Stored dataset items

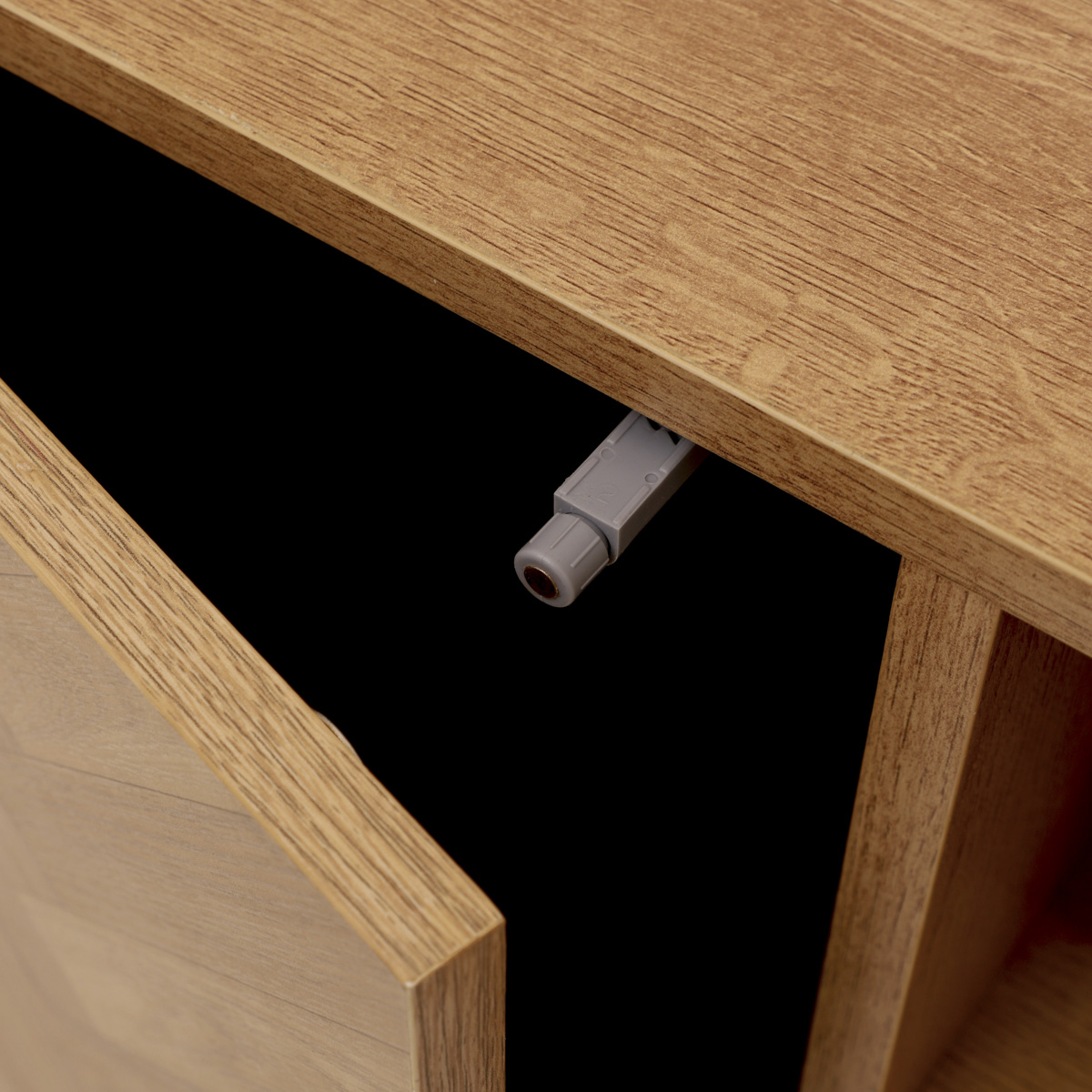 On the SWEN RTV cabinet you can place a TV, console, set top box or other equipment such as a music tower. The furniture consists of 2 cabinets and 2 shelves separating them, which create space for storing games, additional cables, smaller devices or documents. Thanks to the fact that the cupboard is on legs, it is easy to keep it tidy underneath, and you can easily reach it with a hoover or mop.
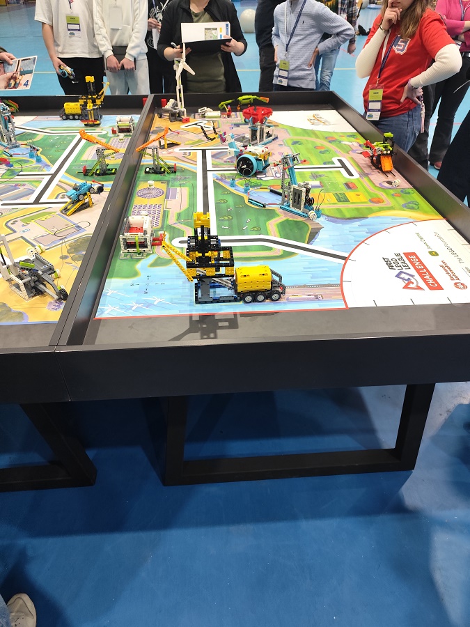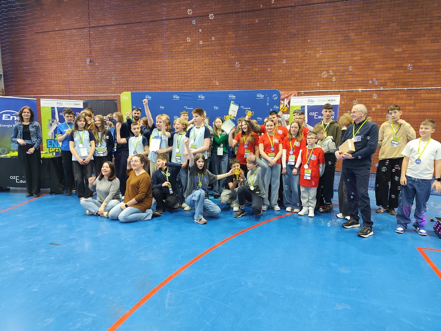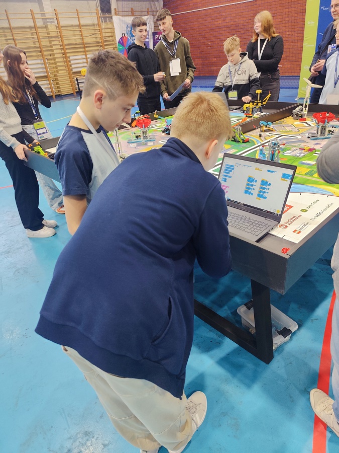 Równolegle uczniowie realizowali część technologiczną, budując i programując autonomicznego robota z zestawu LEGO® Education SPIKE Prime. Ich zadaniem było zaprojektowanie maszyny zdolnej do wykonywania misji na specjalnej planszy odwzorowującej rzeczywiste wyzwania energetyczne, takie jak produkcja, magazynowanie czy transport energii.
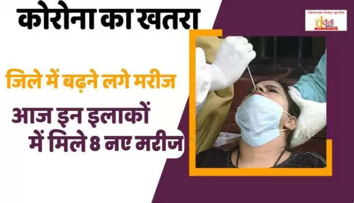 चंदौली जिले में कोरोना की एक बार फिर कई मरीज मिले हैं। इसके बाद से लोगों को सतर्क सावधान रहने की सलाह दी जा रही है। जिलाधिकारी कार्यालय से मिली जानकारी के अनुसार आज प्राप्त कोरोना जांच परिणाम में 08 लोगों की रिपोर्ट पाॅजिटिव प्राप्त हुई है। इनमें 04 महिला एवं 4 पुरूष है। ये क्रमशः ब्लाक बरहनी, चहनियां, चकिया, चन्दौली, एवं शहाबगंज के रहने वाले है। आज 06 व्यक्ति के स्वस्थ्य होने की सूचना भी प्राप्त हुई है। जनपद में कोविड जॉच हेतु आज कुल 559 नमूने संग्रहित किये गए।
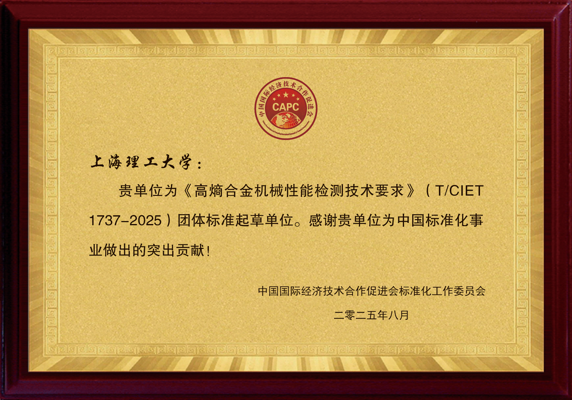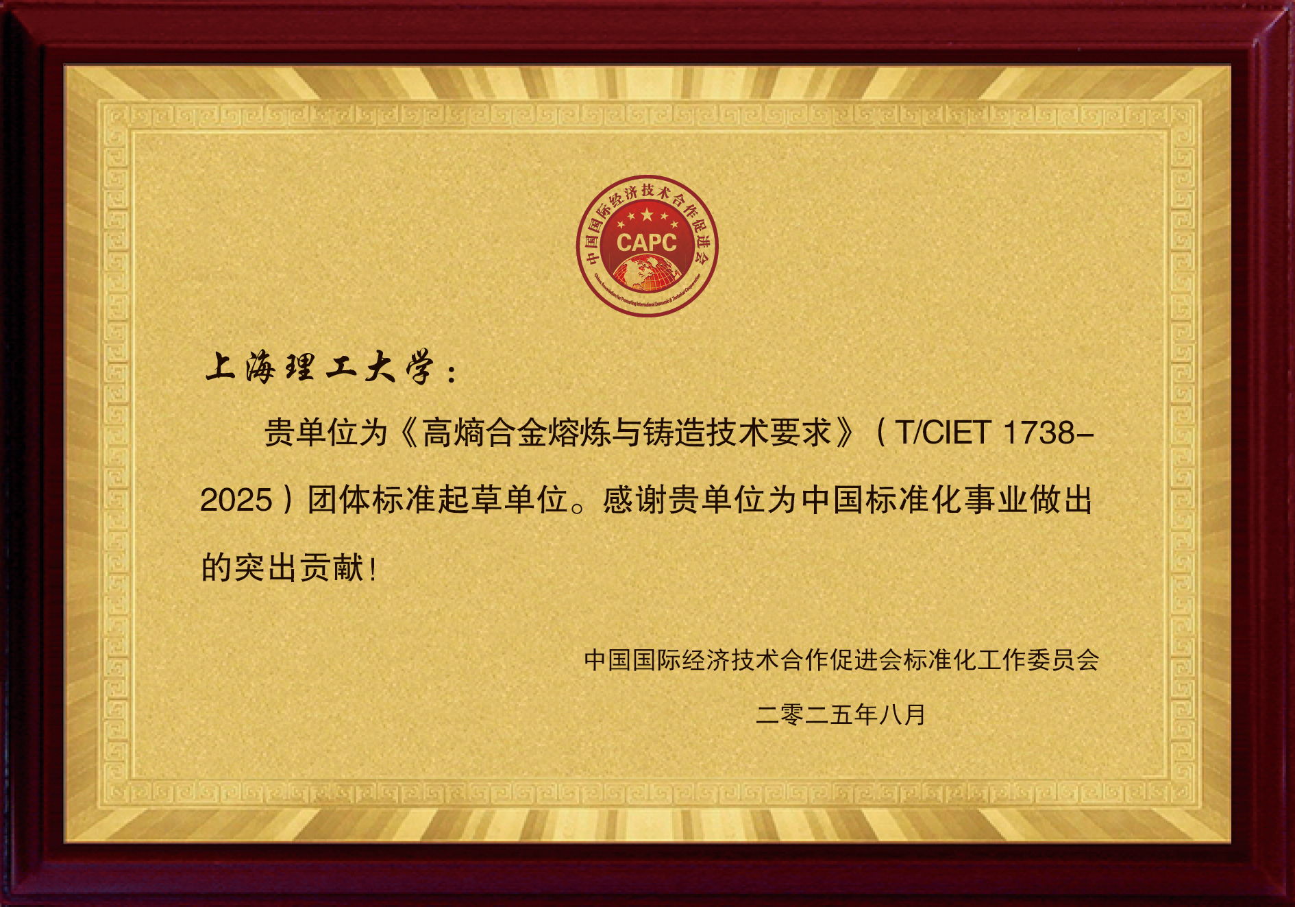 近日,从中国经济技术合作促进会标准化工作委员会获悉,由材料与化学学院丁志义老师主要参与起草的两项团体标准《高熵合金机械性能检测技术要求》(T/CIET 1737-2025)及《高熵合金熔炼与铸造技术要求》(T/CIET 1738-2025)已正式发布实施。此举标志着学校在高熵合金这一前沿新材料领域的标准化工作中取得了重要突破,为行业的规范与高质量发展贡献了“上理”智慧。
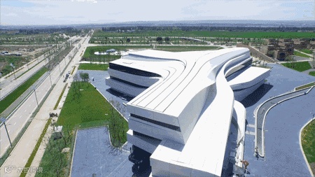银川当代美术馆座落于黄河西岸,位于宁夏回族自治区银川市华夏河图银川艺术小镇内,建筑面积约为15000平方米,四周环绕湿地公园。
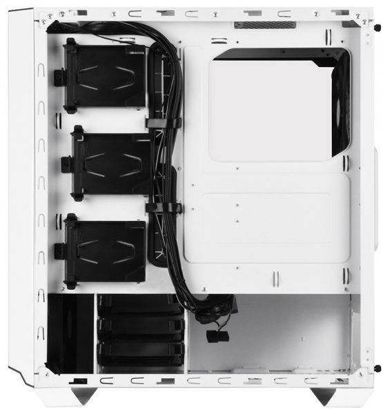 Корзины для крепления SSD находятся за поддоном для материнской платы. Ниже видны лотки для жёстких дисков, вместо которых можно установить ещё три 2,5-дюймовых устройства.
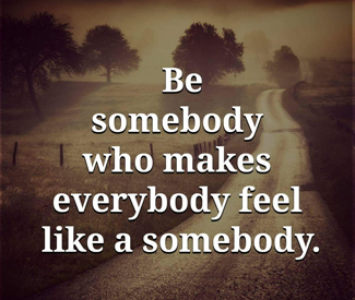 We are all unique. We all have our own special traits, quirks, habits, annoyances, attributes, etc. We all can work on improving ourselves, but we can start by helping to make somebody else feel like somebody–somebody special! Friends and family!
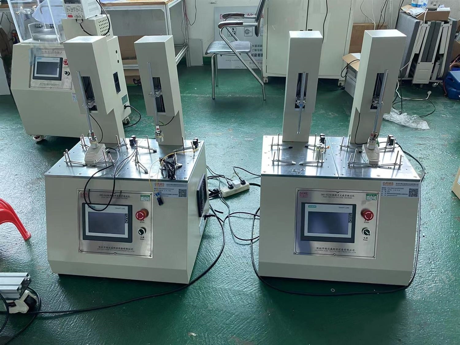1、 根据标准YY 1057-2016和GB9706.1-2020的测试要求而设计制造的专门设备,适用于医用脚踏开关的寿命试验。设备采用铝合金机架,不锈钢封板,由电极驱动,触摸屏显示及设置测试参数,PLC控制。可预设试验次数、试验速率。

## Problem to work on
From the line that contains "We are all unique." to the last line of the data above, inclusive, transcribe every line exactly and only those lines, omitting pictures.

## Expected answer
 We are all unique. We all have our own special traits, quirks, habits, annoyances, attributes, etc. We all can work on improving ourselves, but we can start by helping to make somebody else feel like somebody–somebody special! Friends and family!
1、 根据标准YY 1057-2016和GB9706.1-2020的测试要求而设计制造的专门设备,适用于医用脚踏开关的寿命试验。设备采用铝合金机架,不锈钢封板,由电极驱动,触摸屏显示及设置测试参数,PLC控制。可预设试验次数、试验速率。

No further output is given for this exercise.